* [WORK ORDER] Word for word, output every line of the material below, minus pictures.

* [MATERIAL PROVIDED]
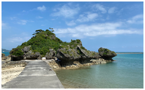 アマミキヨがニライカナイからはじめに降り立ったとされる場所。島内にはアマミキヨが降り立ったといわれる「カベール岬」、琉球開闢(かいびゃく)の七御嶽の一つ「フボー御嶽」、五穀の壺が流れ着いたと伝わる「イシキ浜」などの聖地がある。
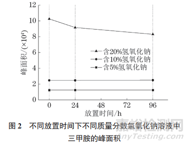存儲穩(wěn)定性也是影響結(jié)果準確度的重要指標,將含5%,10%,20%氫氧化鈉的5mg·L−1三甲胺標準溶液放置 24,96h后,三甲胺峰面積的變化情況見圖2。
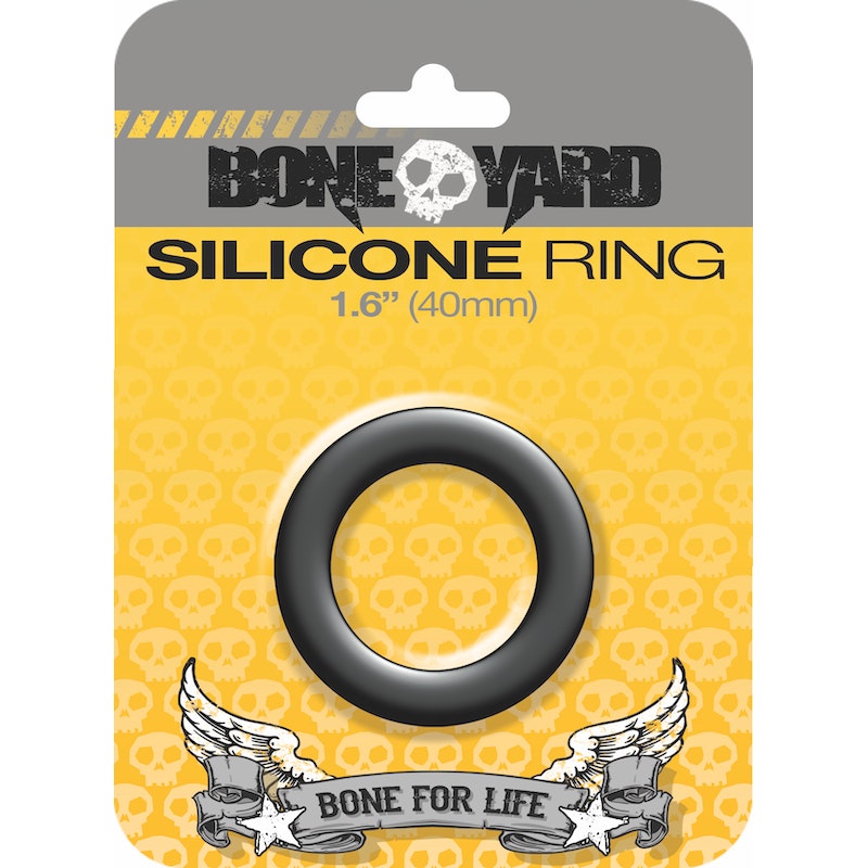 Boneyard Silicone Ring 1.6″ (40mm) Black These must-have man toys are designed with superior materials and production thus increasing both comfort and lifespan. The powerful and iconic Boneyard-branded design has a sleek silicone finish and features a superior and durable 3x-stretch. The soft medical grade 100% silicone rings and non-roll design provide a snug fit that both the wearer and his playmates will appreciate. Unique to themselves, these rings synergize with the wearer, providing endless comfort when wearing under your jeans. You can be assured that they will withstand the punishment of your longest play sessions time and time again.
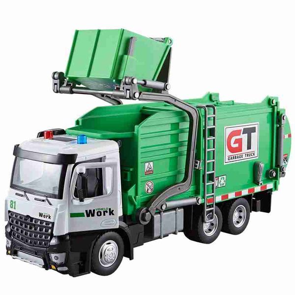 1:24 比例垃圾車玩具模型,合金壓鑄,帶聲光迴力功能,工程運輸車輛,禮品收藏品

* [RESULT]
 アマミキヨがニライカナイからはじめに降り立ったとされる場所。島内にはアマミキヨが降り立ったといわれる「カベール岬」、琉球開闢(かいびゃく)の七御嶽の一つ「フボー御嶽」、五穀の壺が流れ着いたと伝わる「イシキ浜」などの聖地がある。
存儲穩(wěn)定性也是影響結(jié)果準確度的重要指標,將含5%,10%,20%氫氧化鈉的5mg·L−1三甲胺標準溶液放置 24,96h后,三甲胺峰面積的變化情況見圖2。
 Boneyard Silicone Ring 1.6″ (40mm) Black These must-have man toys are designed with superior materials and production thus increasing both comfort and lifespan. The powerful and iconic Boneyard-branded design has a sleek silicone finish and features a superior and durable 3x-stretch. The soft medical grade 100% silicone rings and non-roll design provide a snug fit that both the wearer and his playmates will appreciate. Unique to themselves, these rings synergize with the wearer, providing endless comfort when wearing under your jeans. You can be assured that they will withstand the punishment of your longest play sessions time and time again.
 1:24 比例垃圾車玩具模型,合金壓鑄,帶聲光迴力功能,工程運輸車輛,禮品收藏品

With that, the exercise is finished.